This stock market correction was a long time coming.
The Dow Jones industrial average’s meteoric rise was completely unsustainable and pretty much every analyst knew it. It was amazing when the Dow took only 23 days in January to move from 24,000 to 25,000 for the first time — and then it was only a week later when the Dow soared last month to 26,000.
[See: 7 of the Best Stocks to Buy for 2018.]
There was so much skepticism baked into this outrageous growth that it didn’t take much to pop the bubble. Rising bond yields, a surprisingly strong jobs report that showed the best wage growth since 2009 and fears that the Federal Reserve would be forced to raise interest rates more quickly than expected was all it took to send markets down 1,175 points on Monday, and more than 2,200 points in the last week. Markets were set on Tuesday to open more than 500 points lower, continuing the rout and putting the market in correction territory.
“Higher [bond] rates are typically bad for stocks,” says Brad McMillan, chief investment officer for Commonwealth Financial Network. “As investors worried about that, perhaps they also thought about political risks, geopolitical risks and even corporate risks. All of these concerns, which have been largely ignored, probably affected the pullback.”
That’s more than $1 trillion in wealth lost out of IRAs, 401(k)s and retirement savings. A painful blow, to be sure, but not entirely unexpected.
In fact, stock market corrections — the Wall Street term for when the stock market loses 10 percent of its value — aren’t that uncommon. The market has seen 37 pullbacks of at least 10 percent since World War II. Investment firm Deutsche Bank says investors can expect the stock market to see a correction about once a year. They’re just not usually as dramatic or swift as the market’s fall over the last week.
The most important thing for investors is not that we’re having a stock market correction, but what they’re going to do about it.
Many experts recommend staying the course.
[Read: 9 ETFs That Go Up When the Market Goes Down]
“[Monday’s] market drop, while understandably unsettling to investors, just takes us back about two months. The S&P 500 closed last closed lower than this on Dec. 7,” says Greg McBride, chief financial analyst at Bankrate.com. “Market corrections are normal, no matter how nerve-wracking they are at the time. Just hang in there, maintain a long-term perspective and resist the urge for any knee-jerk reactions.”
In a written commentary, McMillan says the stock market is likely to bounce back.
“Sudden crises of confidence, like the one we are seeing, can knock markets down. But they then tend to bounce back. This is exactly what we saw in early 2016, which is probably the best comparison to today,” he says.
“The reason is that, if economic fundamentals are sound, as they were in 2016 and are today, there is no real reason for confidence to decline,” McMillian says. “Sudden declines happen. Then, as investors consider matters more thoughtfully, they buy back in.

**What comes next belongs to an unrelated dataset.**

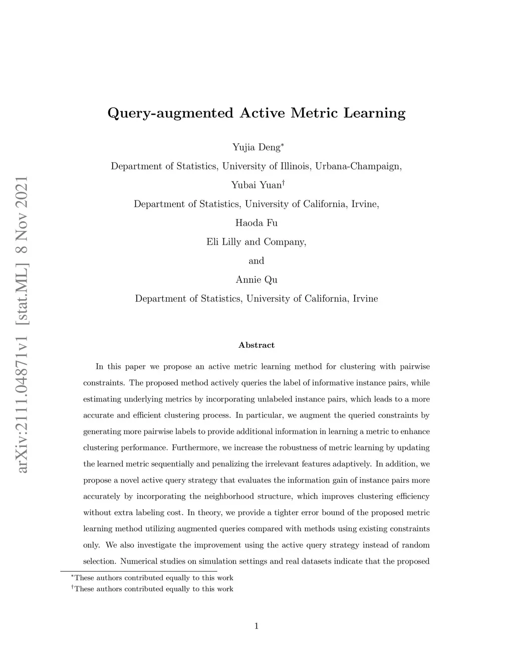 In this paper we propose an active metric learning method for clustering with pairwise constraints. The proposed method actively queries the label of informative instance pairs, while estimating underlying metrics by incorporating unlabeled instance pairs, which leads to a more accurate and efficient clustering process. In particular, we augment the queried constraints by generating more pairwise labels to provide additional information in learning a metric to enhance clustering performance. Furthermore, we increase the robustness of metric learning by updating the learned metric sequentially and penalizing the irrelevant features adaptively. In addition, we propose a novel active query strategy that evaluates the information gain of instance pairs more accurately by incorporating the neighborhood structure, which improves clustering efficiency without extra labeling cost. In theory, we provide a tighter error bound of the proposed metric learning method utilizing augmented queries compared with methods using existing constraints only. Furthermore, we also investigate the improvement using the active query strategy instead of random selection. Numerical studies on simulation settings and real datasets indicate that the proposed method is especially advantageous when the signal-to-noise ratio between significant features and irrelevant features is low.

We may well see further declines … but the bigger picture remains positive.”
McBride says markets are falling because they’ve become accustomed to low interest rates and central banks putting money into the financial system. Now that global economies are improved, stimulus money is drying up and interest rates are going up — a result that should be expected and welcomed.

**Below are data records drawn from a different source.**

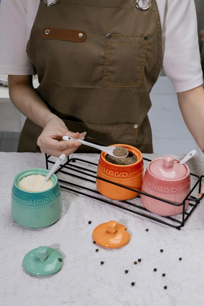 Set 03 hũ gốm đựng gia vị Rainbow Kaiyo được làm bằng gốm sứ cao cấp an toàn cho sức khoẻ, có độ bền cao, thích hợp để đựng gia vị, hành khô, lạc vừng, đậu đỗ, mỡ,... và nhiều loại thực phẩm khác.
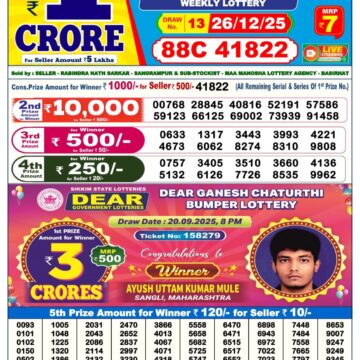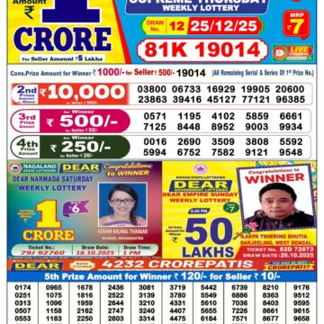 Nagaland State Lotteries was established in the year 1972 under the supervision of the Finance Department to generate a dependable source of revenue for the State Government. Nagaland State Lottery is held every day of the week at three different times of the day, Morning, Day, and Evening. Every day, the lottery is held under a different name with some difference in the prize money with the top prize worth ₹1 Crore (including Super Prize amount). The daily lotteries hosted by Nagaland State include Dear Morning Lottery, Dear Day Lottery, and Dear Evening Lottery which costs 6 Rupees for each ticket.
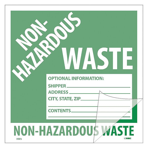 Non-Hazardous Waste Self-Lam Label,PK5, Package Quantity 5

“Let’s look at the big picture — the economy is improving, more people are working, they’re seeing more money in their paychecks, and tax reform will boost the bottom line of businesses and households,” McBride says. “If the market is falling, that means it’s now on sale.”
[See: 7 ETFs to Buy as Interest Rates Rise.]
The bottom line. While recent days can be nerve-wracking for inexperienced investors, the stock market is still on track for growth in 2018. Stock market corrections aren’t unusual, and are in fact a result of a healthy economy.
A stock market correction doesn’t mean that the wonderful bull run in the U.S. stock market is at an end. But it is a dose of reality for an overbaked market that rose too high, too fast since December.